Prep 20 mins
Cook 15 mins
This is a fun fondue recipe from Food and Wine Magazine. The chocolate fondue is laced with bourbon and the pound cake is grilled - both different twists for a fondue! They suggest serving this fondue with fresh apricots, fresh pineapple and the grilled pound cake.
- 1 pineapple, peeled, cored and sliced in 1 inch thick chunks
- 1 1⁄2 lbs of pound cake, sliced 1 1/2 inchs thick
- 2 tablespoons unsalted butter, melted
- 4 apricots, pitted and quartered
- 1 cup heavy cream
- 2 tablespoons Bourbon
- 10 ounces semisweet chocolate, coarsely chopped (2 1/4 Cups)
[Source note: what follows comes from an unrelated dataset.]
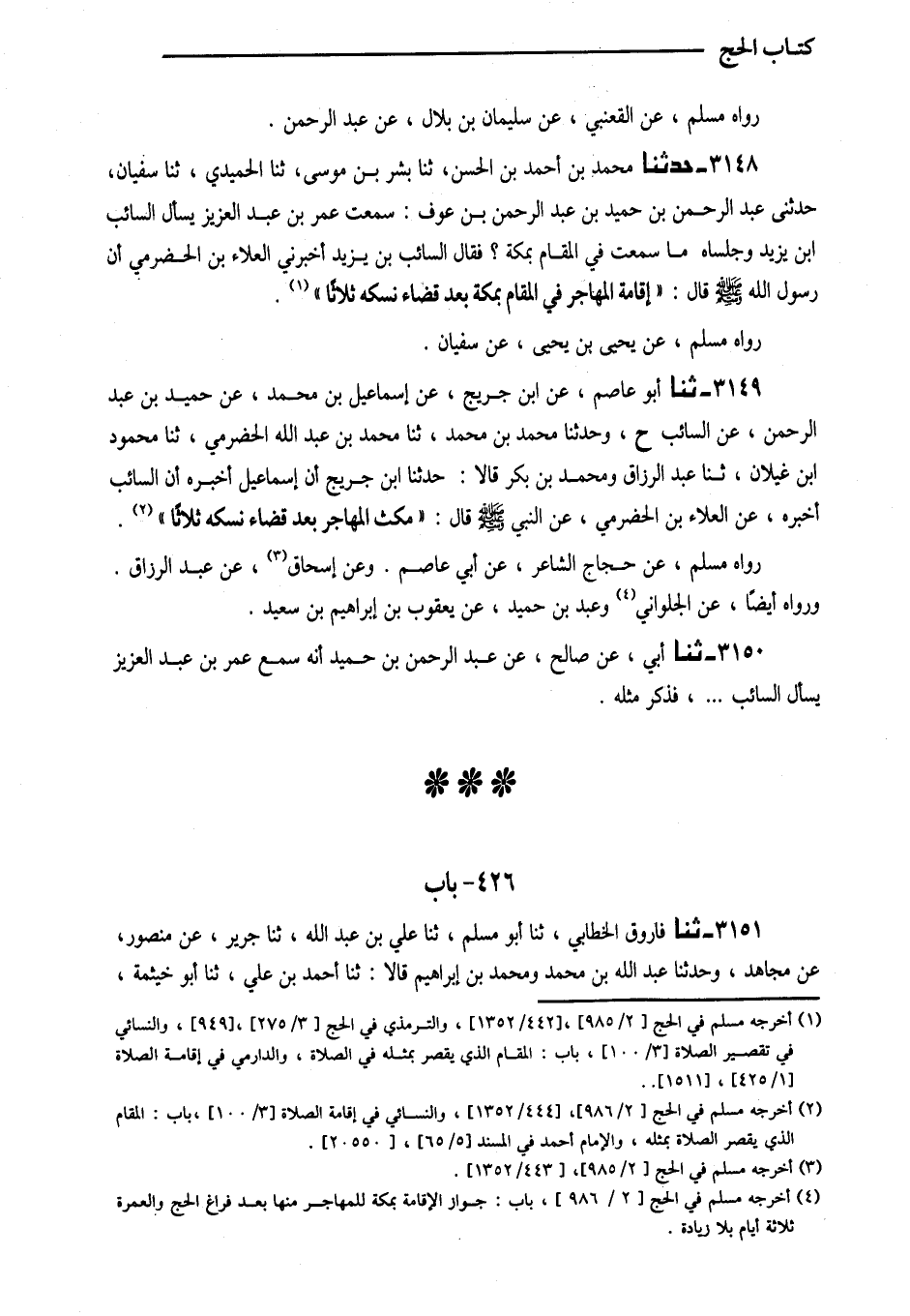 3148 - حَدَّثَنَا مُحَمَّدُ بْنُ أَحْمَدَ بْنِ الْحَسَنِ ثَنَا بِشْرُ بْنُ مُوسَى ثَنَا الْحُمَيْدِيُّ ثَنَا سُفْيَانُ حَدَّثَنِي عَبْدُ الرَّحْمَنِ بْنُ حُمَيْدِ بْنِ عَبْدِ الرَّحْمَنِ بْنِ عَوْفٍ سَمِعْتُ عُمَرَ بْنَ عَبْدِ الْعَزِيزِ يسْأَل السَّائِب ابْن يزِيد وجلساه مَا سَمِعْتَ فِي الْمُقَامِ بِمَكَّةَ فَقَالَ السَّائِبُ بْنُ يَزِيدَ أَخْبَرَنِي الْعَلاءُ بْنُ الْحَضْرَمِيِّ أَنَّ رَسُولَ اللَّهِ صَلَّى اللَّهُ عَلَيْهِ وَسَلَّمَ قَالَ (إِقَامَةُ الْمُهَاجِرِ فِي الْمُقَامِ بِمَكَّةَ بَعْدَ قَضَاءِ نُسُكِهِ ثَلاثًا)

- 10 ounces bittersweet chocolate, coarsely chopped (2 1/4 Cups)
- 1 pinch salt
- Heat up the grill. Grill the pineapple slices over medium heat until charred on both sides, about 8 minutes.
- Brush the pound cake slices with the melted butter and grill over medium heat until toasted, about 4 minutes.
- Cut the pound cake into 1 inch cubes and transfer to a plate. Cut the pineapple into 1 inch cubes and transfer to a separate plate along with the apricots.
- In a pan, bring the cream and bourbon to a simmer. Add both of the chocolates and the salt, then remove the pan from the heat and let stand for 5 minutes. Whisk until smooth.
- Serve the chocolate with the grilled pound cake and fruit.